This Tutorial Provides a Detailed Explanation of AVL Trees and Heap Data Structure In C++ Along with AVL Tree Examples for Better Understanding:
AVL Tree is a height-balanced binary tree. Each node is associated with a balanced factor which is calculated as the difference between the height of its left subtree and the right subtree.
The AVL tree is named after its two inventors i.e. G.M. Abelson-Velvety and E.M. Landis, and was published in 1962 in their paper “An algorithm for the organization of information”.
=> Look For The Entire C++ Training Series Here.
Table of Contents:
AVL Tree In C++
For the tree to be balanced, the balanced factor for each node should be between -1 and 1. If not the tree will become unbalanced.
An Example AVL Tree is shown below.
In the above tree, we can notice that the difference in heights of the left and right subtrees is 1. This means that it’s a balanced BST. As the balancing factor is 1, this means that the left subtree is one level higher than the right subtree.
If the balancing factor is 0, then it means that the left and right subtrees are at the same level i.e. they contain equal height. If the balancing factor is -1, then the left subtree is one level lower than the right subtree.
AVL tree controls the height of a binary search tree and it prevents it from becoming skewed.

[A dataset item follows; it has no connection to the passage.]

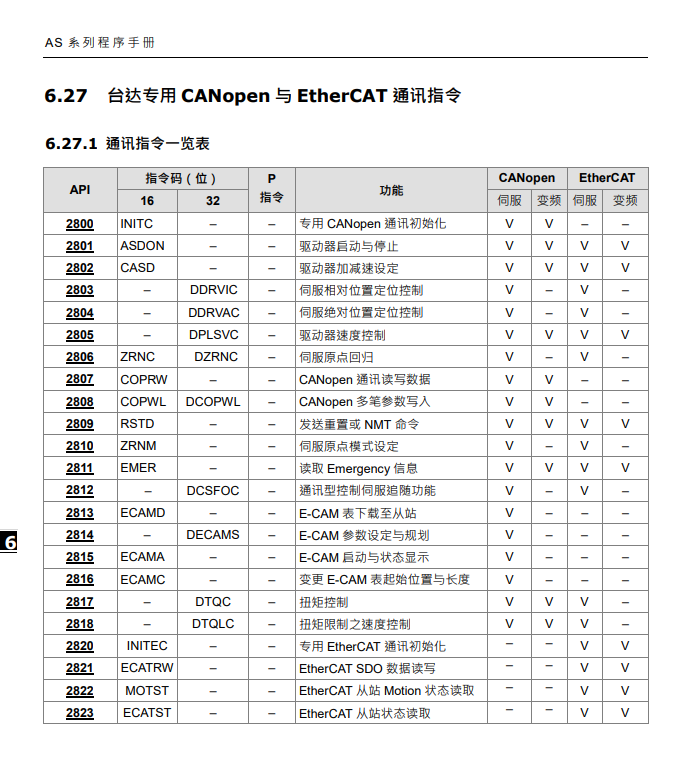求助,現在有一臺臺達AS228T的PLC要與臺邦星普伺服進行canopen總線控制,當前情況為通訊已連接,查不到臺達的canopen通訊指令,無法實現用canopen控制伺服回零,絕對定位等運動,求助各位大神,臺達與其他品牌伺服的通訊要用什么指令,canopen通訊初始化,寫入速度,脈沖,加減速等如何實現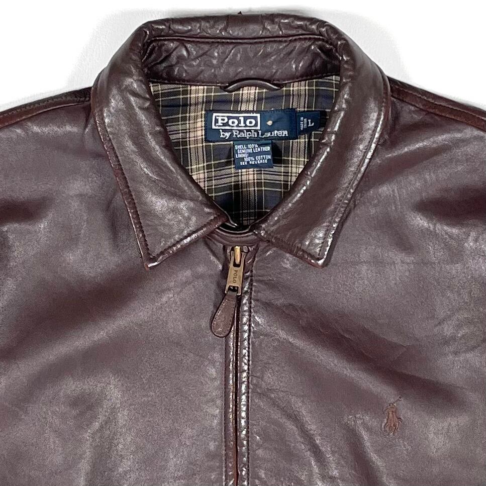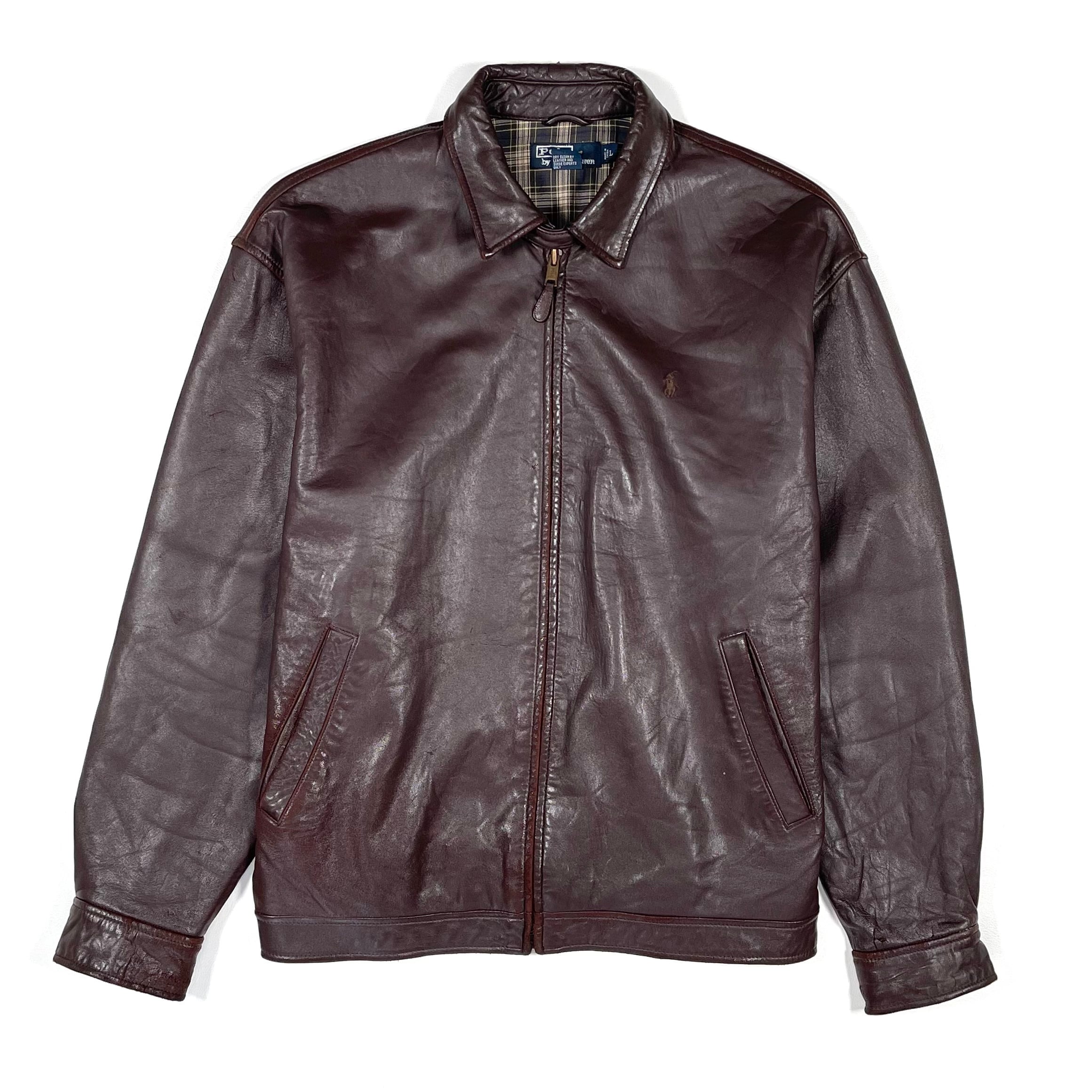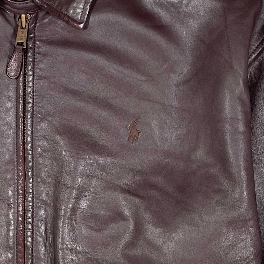 This is an oversized jacket by Polo by Ralph Lauren, made from soft brown lamb leather. It features the iconic Polo logo embroidery on the chest. The jacket has a roomy, oversized silhouette, and the worn leather gives it a great vintage look. There are some scuffs and small scratches from wear, adding character to the jacket. Note that the sleeve buttons are usually two on each side, but one button is missing from each sleeve, leaving stitching marks behind.

Because when a binary tree becomes skewed, it is the worst case (O (n)) for all the operations. By using the balance factor, AVL tree imposes a limit on the binary tree and thus keeps all the operations at O (log n).
AVL Tree Operations
The following are the operations supported by AVL trees.
#1) AVL Tree Insertion
Insert operation in the C++ AVL tree is the same as that of the binary search tree. The only difference is that in order to maintain the balance factor, we need to rotate the tree to left or right so that it doesn’t become unbalanced.
#2) AVL Tree Deletion
Deletion operation also is performed in the same way as the delete operation in a Binary search tree. Again we need to rebalance the tree by performing some AVL Tree rotations.
AVL Tree Implementation
Following is the C++ program to demonstrate the AVL tree and its operations.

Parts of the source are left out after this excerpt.